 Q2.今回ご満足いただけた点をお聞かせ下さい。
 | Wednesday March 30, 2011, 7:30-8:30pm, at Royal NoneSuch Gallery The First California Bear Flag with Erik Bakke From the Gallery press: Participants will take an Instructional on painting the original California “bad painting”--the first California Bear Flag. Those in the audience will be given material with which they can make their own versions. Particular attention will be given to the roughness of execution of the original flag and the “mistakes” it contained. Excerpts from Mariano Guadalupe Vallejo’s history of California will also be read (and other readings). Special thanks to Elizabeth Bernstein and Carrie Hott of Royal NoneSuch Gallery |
---
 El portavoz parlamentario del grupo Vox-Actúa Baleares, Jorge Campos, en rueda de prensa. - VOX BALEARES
==
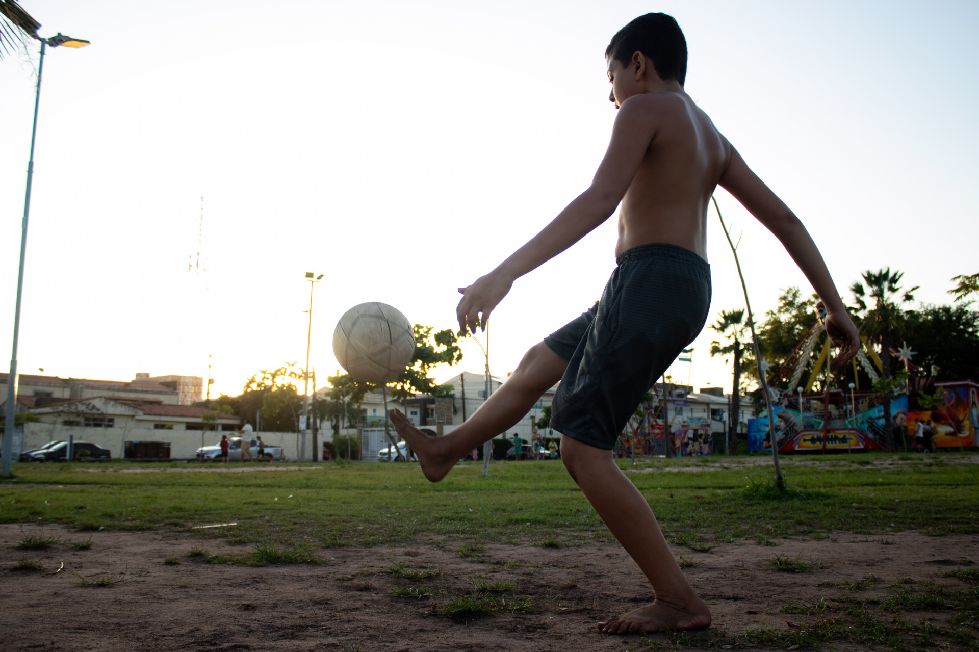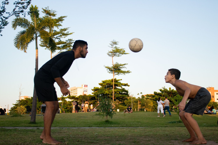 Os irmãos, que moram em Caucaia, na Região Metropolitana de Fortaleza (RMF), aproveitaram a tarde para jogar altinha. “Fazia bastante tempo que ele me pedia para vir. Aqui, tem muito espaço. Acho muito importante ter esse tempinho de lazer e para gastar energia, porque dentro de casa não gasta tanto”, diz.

• [Work request]: For this task, write out exactly the lines of the entries above, starting at the line with "Q2.今回ご満足いただけた点をお聞かせ下さい。" and ending at the line with "NoneSuch Gallery |", both included, and no others.

• [Reply]:
 Q2.今回ご満足いただけた点をお聞かせ下さい。
 | Wednesday March 30, 2011, 7:30-8:30pm, at Royal NoneSuch Gallery The First California Bear Flag with Erik Bakke From the Gallery press: Participants will take an Instructional on painting the original California “bad painting”--the first California Bear Flag. Those in the audience will be given material with which they can make their own versions. Particular attention will be given to the roughness of execution of the original flag and the “mistakes” it contained. Excerpts from Mariano Guadalupe Vallejo’s history of California will also be read (and other readings). Special thanks to Elizabeth Bernstein and Carrie Hott of Royal NoneSuch Gallery |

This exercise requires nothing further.